Go through the listing below and output exactly the line with "Heavy jacket from", the line with "教科院四个研究生党支部于20", and each line between; omit the rest.
-=-=-=-=-
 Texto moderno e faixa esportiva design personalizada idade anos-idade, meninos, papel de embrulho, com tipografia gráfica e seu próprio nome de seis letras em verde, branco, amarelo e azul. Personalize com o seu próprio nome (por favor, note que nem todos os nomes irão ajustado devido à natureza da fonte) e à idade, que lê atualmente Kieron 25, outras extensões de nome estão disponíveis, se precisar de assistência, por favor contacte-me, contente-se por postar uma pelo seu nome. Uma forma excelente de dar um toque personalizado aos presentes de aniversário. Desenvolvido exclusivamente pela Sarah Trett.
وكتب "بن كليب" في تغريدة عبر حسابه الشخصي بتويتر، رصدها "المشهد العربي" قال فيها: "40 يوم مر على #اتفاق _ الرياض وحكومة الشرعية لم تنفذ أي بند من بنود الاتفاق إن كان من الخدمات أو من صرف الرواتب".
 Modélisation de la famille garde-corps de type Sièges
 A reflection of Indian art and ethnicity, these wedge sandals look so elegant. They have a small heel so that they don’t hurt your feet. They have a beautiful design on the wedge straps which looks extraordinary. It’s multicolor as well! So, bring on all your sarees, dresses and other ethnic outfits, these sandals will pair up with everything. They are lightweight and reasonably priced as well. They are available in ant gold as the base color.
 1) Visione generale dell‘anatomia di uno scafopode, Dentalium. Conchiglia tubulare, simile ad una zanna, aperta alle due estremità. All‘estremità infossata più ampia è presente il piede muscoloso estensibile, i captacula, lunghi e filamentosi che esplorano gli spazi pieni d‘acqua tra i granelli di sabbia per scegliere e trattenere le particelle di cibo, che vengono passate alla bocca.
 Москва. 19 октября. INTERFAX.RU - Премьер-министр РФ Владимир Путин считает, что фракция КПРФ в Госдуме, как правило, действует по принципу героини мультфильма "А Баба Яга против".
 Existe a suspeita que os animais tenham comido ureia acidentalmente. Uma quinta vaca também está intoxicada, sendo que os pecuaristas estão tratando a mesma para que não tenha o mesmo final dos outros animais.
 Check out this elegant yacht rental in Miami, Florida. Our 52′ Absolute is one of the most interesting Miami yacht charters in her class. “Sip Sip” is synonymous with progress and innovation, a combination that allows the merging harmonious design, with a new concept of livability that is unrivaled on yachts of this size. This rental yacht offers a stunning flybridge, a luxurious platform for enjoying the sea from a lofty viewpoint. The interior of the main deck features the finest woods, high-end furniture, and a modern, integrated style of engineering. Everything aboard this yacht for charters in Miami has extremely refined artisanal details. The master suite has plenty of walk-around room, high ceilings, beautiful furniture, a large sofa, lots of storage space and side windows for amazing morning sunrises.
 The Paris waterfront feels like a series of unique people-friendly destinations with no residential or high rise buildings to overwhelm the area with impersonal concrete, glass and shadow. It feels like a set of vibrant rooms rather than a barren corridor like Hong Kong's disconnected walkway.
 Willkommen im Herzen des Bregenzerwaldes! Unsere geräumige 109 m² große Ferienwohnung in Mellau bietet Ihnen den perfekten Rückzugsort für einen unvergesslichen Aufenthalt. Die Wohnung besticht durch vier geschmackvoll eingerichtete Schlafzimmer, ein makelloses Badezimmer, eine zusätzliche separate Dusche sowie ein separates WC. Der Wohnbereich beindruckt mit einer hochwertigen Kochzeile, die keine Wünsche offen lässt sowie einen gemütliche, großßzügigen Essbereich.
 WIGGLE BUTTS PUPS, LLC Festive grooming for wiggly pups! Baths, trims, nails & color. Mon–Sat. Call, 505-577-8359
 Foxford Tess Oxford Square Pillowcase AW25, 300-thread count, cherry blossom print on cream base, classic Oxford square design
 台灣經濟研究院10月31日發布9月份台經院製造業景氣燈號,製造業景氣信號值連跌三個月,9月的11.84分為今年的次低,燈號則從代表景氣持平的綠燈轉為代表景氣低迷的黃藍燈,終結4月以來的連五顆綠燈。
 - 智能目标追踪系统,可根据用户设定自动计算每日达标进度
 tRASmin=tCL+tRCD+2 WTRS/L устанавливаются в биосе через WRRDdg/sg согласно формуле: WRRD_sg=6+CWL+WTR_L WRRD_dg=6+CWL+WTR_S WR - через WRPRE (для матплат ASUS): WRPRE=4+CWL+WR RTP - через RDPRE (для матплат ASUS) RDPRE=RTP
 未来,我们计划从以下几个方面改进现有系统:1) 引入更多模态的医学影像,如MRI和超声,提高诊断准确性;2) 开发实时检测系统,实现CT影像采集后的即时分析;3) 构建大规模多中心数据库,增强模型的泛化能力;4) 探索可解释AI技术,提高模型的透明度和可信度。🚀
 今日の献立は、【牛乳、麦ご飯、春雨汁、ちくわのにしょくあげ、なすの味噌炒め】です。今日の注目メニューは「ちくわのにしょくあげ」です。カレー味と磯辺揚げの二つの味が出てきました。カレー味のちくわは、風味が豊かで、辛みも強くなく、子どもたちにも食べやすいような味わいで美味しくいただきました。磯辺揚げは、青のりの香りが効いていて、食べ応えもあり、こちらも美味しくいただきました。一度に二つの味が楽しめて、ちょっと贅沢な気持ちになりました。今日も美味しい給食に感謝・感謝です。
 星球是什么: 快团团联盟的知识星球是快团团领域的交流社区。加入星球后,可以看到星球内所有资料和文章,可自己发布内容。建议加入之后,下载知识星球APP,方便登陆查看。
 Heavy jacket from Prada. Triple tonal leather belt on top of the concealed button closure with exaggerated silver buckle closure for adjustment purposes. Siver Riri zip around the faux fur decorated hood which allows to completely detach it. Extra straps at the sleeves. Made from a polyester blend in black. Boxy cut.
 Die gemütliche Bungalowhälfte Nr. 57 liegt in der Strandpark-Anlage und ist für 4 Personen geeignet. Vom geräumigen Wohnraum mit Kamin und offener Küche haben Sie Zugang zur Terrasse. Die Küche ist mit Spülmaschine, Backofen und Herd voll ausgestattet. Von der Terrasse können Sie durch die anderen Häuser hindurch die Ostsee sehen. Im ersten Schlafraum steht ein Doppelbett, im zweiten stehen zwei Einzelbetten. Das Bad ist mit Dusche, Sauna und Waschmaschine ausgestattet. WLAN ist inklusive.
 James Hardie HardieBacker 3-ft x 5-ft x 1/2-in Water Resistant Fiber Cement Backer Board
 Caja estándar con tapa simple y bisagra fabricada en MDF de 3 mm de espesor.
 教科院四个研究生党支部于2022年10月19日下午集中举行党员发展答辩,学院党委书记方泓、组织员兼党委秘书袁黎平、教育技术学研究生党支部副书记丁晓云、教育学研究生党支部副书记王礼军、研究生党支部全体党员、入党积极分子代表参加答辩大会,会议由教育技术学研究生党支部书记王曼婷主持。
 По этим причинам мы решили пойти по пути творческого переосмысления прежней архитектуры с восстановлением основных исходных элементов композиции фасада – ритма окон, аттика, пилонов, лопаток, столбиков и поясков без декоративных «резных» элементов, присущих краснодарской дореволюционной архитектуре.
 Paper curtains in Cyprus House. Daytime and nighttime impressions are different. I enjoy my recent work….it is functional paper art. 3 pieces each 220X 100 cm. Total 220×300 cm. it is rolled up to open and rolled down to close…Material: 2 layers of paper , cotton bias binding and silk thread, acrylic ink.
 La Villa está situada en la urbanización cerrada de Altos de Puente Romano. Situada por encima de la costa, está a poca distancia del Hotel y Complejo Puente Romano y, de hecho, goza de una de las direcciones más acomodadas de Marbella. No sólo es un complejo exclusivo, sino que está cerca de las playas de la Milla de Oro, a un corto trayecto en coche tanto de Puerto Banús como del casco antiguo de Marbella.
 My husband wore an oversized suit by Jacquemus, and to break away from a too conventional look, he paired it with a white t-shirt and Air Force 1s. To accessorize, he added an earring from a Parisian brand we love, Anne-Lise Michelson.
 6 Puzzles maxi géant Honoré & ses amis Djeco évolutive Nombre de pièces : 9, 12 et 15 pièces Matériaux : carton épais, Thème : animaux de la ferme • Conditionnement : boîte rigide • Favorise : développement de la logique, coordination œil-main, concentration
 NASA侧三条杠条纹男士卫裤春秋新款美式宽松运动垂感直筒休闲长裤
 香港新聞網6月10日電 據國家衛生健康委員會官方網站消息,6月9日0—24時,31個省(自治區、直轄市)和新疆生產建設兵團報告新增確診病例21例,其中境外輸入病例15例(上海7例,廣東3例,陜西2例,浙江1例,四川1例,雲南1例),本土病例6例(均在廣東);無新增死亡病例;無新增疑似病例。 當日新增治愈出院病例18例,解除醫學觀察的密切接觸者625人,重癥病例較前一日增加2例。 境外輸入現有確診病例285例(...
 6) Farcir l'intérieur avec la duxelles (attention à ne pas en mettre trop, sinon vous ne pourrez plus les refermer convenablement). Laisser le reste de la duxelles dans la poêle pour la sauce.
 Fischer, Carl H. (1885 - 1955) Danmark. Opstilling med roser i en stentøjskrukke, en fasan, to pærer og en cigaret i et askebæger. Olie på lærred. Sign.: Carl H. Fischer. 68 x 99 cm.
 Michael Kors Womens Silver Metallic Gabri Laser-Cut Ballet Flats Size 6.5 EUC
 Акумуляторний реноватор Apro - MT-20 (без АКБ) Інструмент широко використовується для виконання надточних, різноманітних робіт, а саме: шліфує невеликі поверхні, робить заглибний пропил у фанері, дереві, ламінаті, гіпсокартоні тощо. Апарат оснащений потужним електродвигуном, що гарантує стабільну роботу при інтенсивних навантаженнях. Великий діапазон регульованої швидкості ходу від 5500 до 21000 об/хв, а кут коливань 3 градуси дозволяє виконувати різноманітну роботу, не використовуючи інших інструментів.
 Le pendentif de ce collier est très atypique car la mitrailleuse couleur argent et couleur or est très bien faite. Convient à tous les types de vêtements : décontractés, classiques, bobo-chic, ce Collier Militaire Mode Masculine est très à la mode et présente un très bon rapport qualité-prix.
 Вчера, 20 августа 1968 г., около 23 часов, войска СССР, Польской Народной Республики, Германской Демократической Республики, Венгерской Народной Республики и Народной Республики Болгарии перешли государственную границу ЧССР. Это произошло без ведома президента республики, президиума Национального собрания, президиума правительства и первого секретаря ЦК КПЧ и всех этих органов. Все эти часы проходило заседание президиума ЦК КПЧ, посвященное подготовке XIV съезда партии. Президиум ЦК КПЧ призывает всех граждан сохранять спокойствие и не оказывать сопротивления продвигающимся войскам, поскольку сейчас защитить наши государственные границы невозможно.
-=-=-=-=-
* [PROBLEM SOLUTION]
 Heavy jacket from Prada. Triple tonal leather belt on top of the concealed button closure with exaggerated silver buckle closure for adjustment purposes. Siver Riri zip around the faux fur decorated hood which allows to completely detach it. Extra straps at the sleeves. Made from a polyester blend in black. Boxy cut.
 Die gemütliche Bungalowhälfte Nr. 57 liegt in der Strandpark-Anlage und ist für 4 Personen geeignet. Vom geräumigen Wohnraum mit Kamin und offener Küche haben Sie Zugang zur Terrasse. Die Küche ist mit Spülmaschine, Backofen und Herd voll ausgestattet. Von der Terrasse können Sie durch die anderen Häuser hindurch die Ostsee sehen. Im ersten Schlafraum steht ein Doppelbett, im zweiten stehen zwei Einzelbetten. Das Bad ist mit Dusche, Sauna und Waschmaschine ausgestattet. WLAN ist inklusive.
 James Hardie HardieBacker 3-ft x 5-ft x 1/2-in Water Resistant Fiber Cement Backer Board
 Caja estándar con tapa simple y bisagra fabricada en MDF de 3 mm de espesor.
 教科院四个研究生党支部于2022年10月19日下午集中举行党员发展答辩,学院党委书记方泓、组织员兼党委秘书袁黎平、教育技术学研究生党支部副书记丁晓云、教育学研究生党支部副书记王礼军、研究生党支部全体党员、入党积极分子代表参加答辩大会,会议由教育技术学研究生党支部书记王曼婷主持。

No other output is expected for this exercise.